O grupo parlamentar do PS diz que o programa de voluntariado do Festival Eurovisão da Canção, a realizar em maio em Lisboa, "parece pretender preencher vagas temporárias de trabalho à margem da legislação laboral vigente em Portugal".

PS pediu esclarecimentos sobre o programa de voluntariado do Festival Eurovisão da Canção. Recorde o anúncio da RTP AQUI. Num comunicado divulgado esta sexta-feira, o deputado Tiago Barbosa Ribeiro coloca duas questões ao ministro da Cultura: Se "o Governo tem conhecimento da situação" e se a RTP participou na definição do programa "de designado voluntariado". "Pelas características que foram apresentadas, pelo número de voluntários requeridos, este programa remete na verdade para necessidades laborais essenciais à realização do evento, incluindo apoio às delegações de 42 países, ajuda nos hotéis onde as comitivas internacionais estarão instaladas, trabalho em vários locais onde decorrerão atividades relacionadas com o evento (incluindo discotecas) e apoio na sala de conferências de imprensa", escreve Tiago Barbosa Ribeiro citado pelo Diário de Notícias. O deputado é o primeiro subscritor deste pedido de esclarecimento.
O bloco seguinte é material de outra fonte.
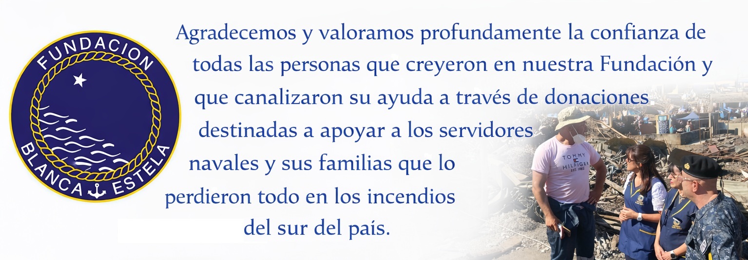 Ante la emergencia provocada por los incendios forestales, la Fundación "Blanca Estela" invita a la Familia Naval a sumarse a una campaña solidaria en apoyo a los servidores navales, en servicio activo y en retiro, que han resultado afectados en el sur del país.

O comunicado refere ainda que no pedido de voluntários é exigida a obrigatoriedade de trabalho por turnos e o domínio de línguas estrangeiras, e que o trabalho voluntário destina-se a realizar "atividades técnicas num evento comercial com um orçamento superior a 20 milhões de euros". Tiago Barbosa Ribeiro afirma que "este programa de voluntariado parece ser uma forma de contornar a contratação de trabalhadores devidamente remunerados para as necessidades do Festival da Eurovisão" e dá conta de várias denúncias sobre o regime de voluntariado delineado pela organização do Festival Eurovisão da Canção. A provar-se o "recurso à figura de falso voluntariado para obter mão-de-obra sem a pagar", os responsáveis "devem suspender de imediato este programa e acomodar a contratação de trabalhadores", lê-se ainda na nota socialista.

O deputado questiona igualmente o orçamento do evento, perguntando se o orçamento "não acomodou os montantes adequados à contratação de pessoas e serviços para a sua execução"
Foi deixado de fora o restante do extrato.